Aim of the exercise ▸ Exactly those lines that run from the one containing "Keramická sada talířů" through the last line of the entries below should be printed, and no others.

Records for processing ▸
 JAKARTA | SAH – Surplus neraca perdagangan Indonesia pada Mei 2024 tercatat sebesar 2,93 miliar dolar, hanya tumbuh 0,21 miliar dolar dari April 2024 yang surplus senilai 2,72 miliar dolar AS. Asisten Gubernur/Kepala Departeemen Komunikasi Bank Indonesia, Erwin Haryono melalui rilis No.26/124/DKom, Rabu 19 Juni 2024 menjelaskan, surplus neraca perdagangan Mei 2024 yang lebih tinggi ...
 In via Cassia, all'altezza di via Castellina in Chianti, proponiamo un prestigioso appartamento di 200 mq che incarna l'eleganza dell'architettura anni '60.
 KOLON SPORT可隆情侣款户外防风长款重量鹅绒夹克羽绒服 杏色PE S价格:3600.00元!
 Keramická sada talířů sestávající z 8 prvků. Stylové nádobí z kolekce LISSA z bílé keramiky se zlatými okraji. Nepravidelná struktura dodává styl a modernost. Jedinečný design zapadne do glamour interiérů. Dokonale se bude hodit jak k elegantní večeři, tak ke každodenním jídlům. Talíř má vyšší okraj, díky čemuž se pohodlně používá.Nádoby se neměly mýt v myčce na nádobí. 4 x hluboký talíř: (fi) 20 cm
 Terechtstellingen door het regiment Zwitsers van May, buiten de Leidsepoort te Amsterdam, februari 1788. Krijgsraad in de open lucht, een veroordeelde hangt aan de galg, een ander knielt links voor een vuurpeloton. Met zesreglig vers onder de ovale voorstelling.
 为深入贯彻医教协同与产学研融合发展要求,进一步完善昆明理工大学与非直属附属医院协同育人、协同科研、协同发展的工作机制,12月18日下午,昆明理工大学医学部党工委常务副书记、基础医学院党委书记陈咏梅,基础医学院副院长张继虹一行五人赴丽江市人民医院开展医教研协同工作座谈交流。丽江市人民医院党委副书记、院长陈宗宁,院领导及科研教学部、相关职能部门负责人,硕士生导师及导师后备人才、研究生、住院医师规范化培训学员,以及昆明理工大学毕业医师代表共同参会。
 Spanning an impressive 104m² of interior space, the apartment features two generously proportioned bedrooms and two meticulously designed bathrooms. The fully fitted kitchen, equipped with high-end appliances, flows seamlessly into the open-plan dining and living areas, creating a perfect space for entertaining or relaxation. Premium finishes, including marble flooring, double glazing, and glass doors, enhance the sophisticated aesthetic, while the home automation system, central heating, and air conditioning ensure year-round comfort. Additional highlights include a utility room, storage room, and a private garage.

Written solution ▸
 Keramická sada talířů sestávající z 8 prvků. Stylové nádobí z kolekce LISSA z bílé keramiky se zlatými okraji. Nepravidelná struktura dodává styl a modernost. Jedinečný design zapadne do glamour interiérů. Dokonale se bude hodit jak k elegantní večeři, tak ke každodenním jídlům. Talíř má vyšší okraj, díky čemuž se pohodlně používá.Nádoby se neměly mýt v myčce na nádobí. 4 x hluboký talíř: (fi) 20 cm
 Terechtstellingen door het regiment Zwitsers van May, buiten de Leidsepoort te Amsterdam, februari 1788. Krijgsraad in de open lucht, een veroordeelde hangt aan de galg, een ander knielt links voor een vuurpeloton. Met zesreglig vers onder de ovale voorstelling.
 为深入贯彻医教协同与产学研融合发展要求,进一步完善昆明理工大学与非直属附属医院协同育人、协同科研、协同发展的工作机制,12月18日下午,昆明理工大学医学部党工委常务副书记、基础医学院党委书记陈咏梅,基础医学院副院长张继虹一行五人赴丽江市人民医院开展医教研协同工作座谈交流。丽江市人民医院党委副书记、院长陈宗宁,院领导及科研教学部、相关职能部门负责人,硕士生导师及导师后备人才、研究生、住院医师规范化培训学员,以及昆明理工大学毕业医师代表共同参会。
 Spanning an impressive 104m² of interior space, the apartment features two generously proportioned bedrooms and two meticulously designed bathrooms. The fully fitted kitchen, equipped with high-end appliances, flows seamlessly into the open-plan dining and living areas, creating a perfect space for entertaining or relaxation. Premium finishes, including marble flooring, double glazing, and glass doors, enhance the sophisticated aesthetic, while the home automation system, central heating, and air conditioning ensure year-round comfort. Additional highlights include a utility room, storage room, and a private garage.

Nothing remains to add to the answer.